The best parts of nature have always been claimed by the mythmakers of the day for their particular story. In ancient Rome, the official storytellers said what’s going on here is the birth of that invincible sun. A few blocks away in the neighborhoods of Mithraism, they said no, it’s really the birth of Mithras, who was both the sun god and the Son of God. Disciples of Apollo would claim the time for him, and remind you that the only reason the sun even comes up in the morning is because Apollo drags it across the sky behind his golden chariot.

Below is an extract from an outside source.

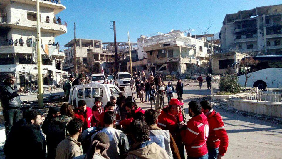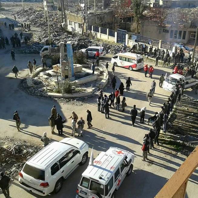『ハヤート』(12月29日付)によると、9月にイランの仲介により、ダマスカス郊外県ザバダーニー市一帯およびイドリブ県フーア市・カファルヤー町一帯で成立したシリア軍とアル=カーイダ系組織のシャーム自由人イスラーム運動などを中心とする反体制武装集団の停戦合意に従い、ザバダーニー市で籠城を続けていた反体制武装集団戦闘員ら126人が、救急車22台と大型旅客バス7台に分乗し、レバノン領内に退去した。

Then after the fourth century, Christian mythmakers said No; it was the celebration of the birth of another Son of God named Jesus that just happened to come on the birthday of Mithras and all the other sun gods. Then they connected it with the earlier story about Joseph and Mary, a wandering star, shepherds and wise men, and the rest of it.
These are all such wonderful stories! They are far more imaginative stories than the truth, which is pretty dull: “Well, the days will start getting longer for six months, then they’ll get shorter for six months, and they’ll probably keep doing that forever, as they’ve been doing on this planet for over four billion years. Now there’s a boring story! Nobody is lining up to see that movie!

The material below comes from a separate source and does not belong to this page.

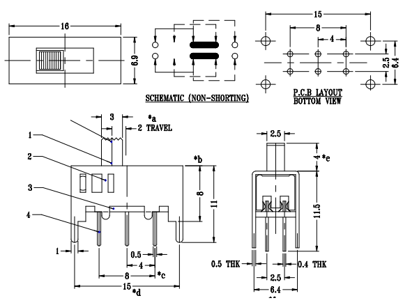 L'interrupteur à glissière 2P3T est un interrupteur de commande bipolaire à trois directions (2 pôles 3 directions) qui permet une commutation à trois états pour deux circuits indépendants (par exemple, marche/arrêt/sélection de mode) via une opération à bascule, idéal pour les scénarios complexes nécessitant un contrôle multi-circuits synchronisé.

Meanwhile, back on earth, a lot of people are getting ready to party. They’ve preparing a menu, inviting friends, deciding on the right gifts for the right people, whether they make them or buy them. They’re picking out fancy wrapping paper, hanging all sorts of things on real or artificial green trees – a lot like people did in ancient Rome, in the communities of Mithraism – the fir tree was Mithra’s sacred tree – and in more times and places than we can count. That’s the real reason for the season: a rare chance to come alive, to celebrate the gift of life by offering gifts to those in life who mean a lot to you, a chance for good food, good friends, and family who, if we can’t quite love having them around for the holidays, can at least tolerate them in good humor, and hope they return the favor.
It’s a time to get out not only our best behaviors, but some of our silliest and most child-like behaviors, too. My god, this is the season when full-grown people talk about flying reindeer, take their children to a million malls to sit on Santa’s lap, then line up and pay good money to see that ballet with mice that dance, and a magical nutcracker who comes to life.
“Comes to life.” That’s it. The real reason for this season has always been coming back to life. Not coming to worship the invincible sun, not coming to Mithras, not coming to Jesus, but coming to life. And all the stories, music, costumes, decorations and parties are like training wheels for us, to help us get back into that habit of being more alive – a habit we seem to slip out of so easily that it’s a good thing we have arranged this annual reminder that more than anything, what the world needs is people who have come alive.